Vance (after a moment):
And then there’s something else.
(He leans forward, lowering his voice slightly.)
Vance:
These systems—everything’s easier, faster, more efficient. But I get the feeling. . .
(He stops.)
. . . they’re not really for me.
(Dr. Faye nods. Already there.)
Dr. Faye:
“To Serve Man.”
Vance (squinting):
Wait—I think I know that one. Isn’t that the guy—what’s his name—the senator from Pennsylvania. . . John Fetterman? I saw something about that online. Same vibe.
(A pause. Dr. Faye studies him carefully.)
Dr. Faye:
No, Mr. Gunczarus. That’s another episode.
(She adjusts her poise slightly.)
Dr. Faye:
“The Doppelgänger.”

“Now serving a foreign entrée.”
Dr. Faye:
That is a common confusion. Increasingly common.
Vance (frowning):
I don’t know that one either.
Dr. Faye:
Most people don’t—until they do.
(A beat.)
Dr. Faye (continuing):
In this episode, assistance is offered. Problems are solved. The purpose becomes clear. . . only after commitment.
(A longer silence now.)
Vance:
So what are you saying?That I’m imagining things?
Dr. Faye:
No.
(She closes the book gently.)
Dr. Faye:
I’m saying you’re experiencing them. . . without the proper framework.

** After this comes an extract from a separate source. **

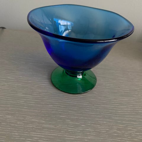 Selger blått likørglass med stett fra 50-tallet . Glasset er i fin stand, og lite brukt.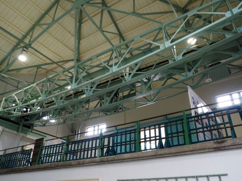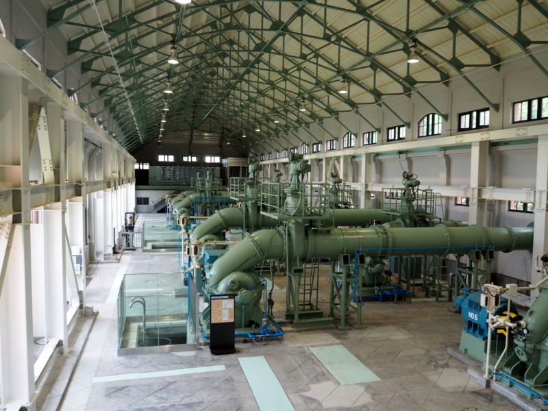 内部の屋根を支える鉄骨は大正11年当時のまま。設置されている装置は平成11年の閉鎖の時まで動いていたポンプとのこと。手動で動かしていたクレーンも圧巻でした。

(She looks directly at him now.)
Dr. Faye:
You were not trained to expect people to change without warning. . .
—or for standards to invert without announcement. . .
—or for fulfillment to alter the one who receives it. . .
—And you weren’t trained for assistance to conceal its function,
—or identity to become… uncertain
Dr. Faye:
You lack exposure to episodic discontinuity.
(Vance sits back. Not convinced—but no longer dismissive.)
Vance:
So what do I do?
(Dr. Faye slides the book toward him.)

Dr. Faye:
We begin with orientation.
Vance:
Orientation for what?
(Dr. Faye pauses.)
Dr. Faye:
For the realization that this is not new. Only newly recognized.
(Vance looks down at the book. For the first time, it does not look like entertainment.)